The dynamics of ecosystems involves energy flow and chemical recycling. Two key ingredients are essential in the maintenance of any ecosystem – energy and inorganic elements. Let’s think about where they come from. Most of the energy that enters an ecosystem is solar energy. This light energy is converted to chemical energy by photosynthetic organisms, also thought of as primary producers in an ecosystem. Energy may also enter the food chain in the form of chemical energy.
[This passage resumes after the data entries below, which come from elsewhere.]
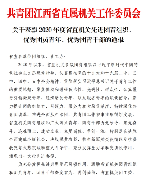 为深入学习贯彻习近平新时代中国特色社会主义思想和党的十九大精神,学习贯彻习近平总书记关于青年工作的重要思想,集中展示新时代省直机关青年的良好精神面貌和崇高价值追求, 激励青年勇挑重担、奋发作为,为奋力谱写全面建设社会主义现代化国家江西篇章贡献青春力量,近日,省直机关团工委、省直机关青联评选了一批省直优秀共青团员、团干,我院骨科罗琼清获省直优秀共青团员荣誉称号。
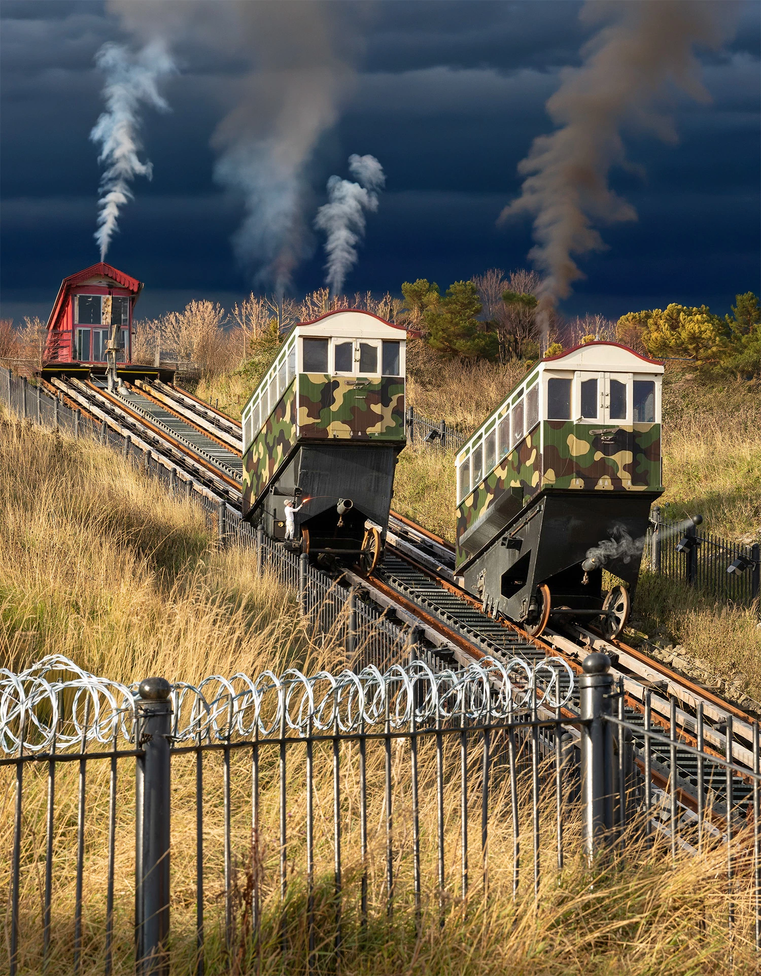 Haha! I love the spouts turned into cannon and the barbed wire is a nice touch. 'In the army now' also explains why the carriages are nipping down for a smoke! 🙂
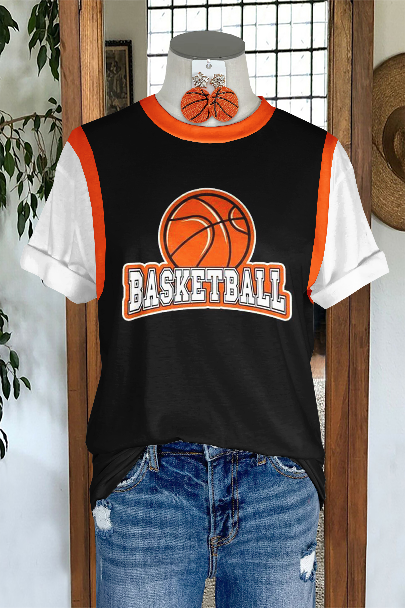 Classic Basketball Game Day Fake Two Piece Print T-Shirt

For example in deep sea thermal vent communities primary producers derive energy by oxidizing compounds such as hydrogen sulfide and then use that energy to convert inorganic elements into organic compounds. In either case energy is then passed on to the consumers in the form of organic molecules or is lost as

heat. Since the energy entering an ecosystem is ultimately lost as heat ecologists consider energy to flow through an ecosystem rather than be recycled in it.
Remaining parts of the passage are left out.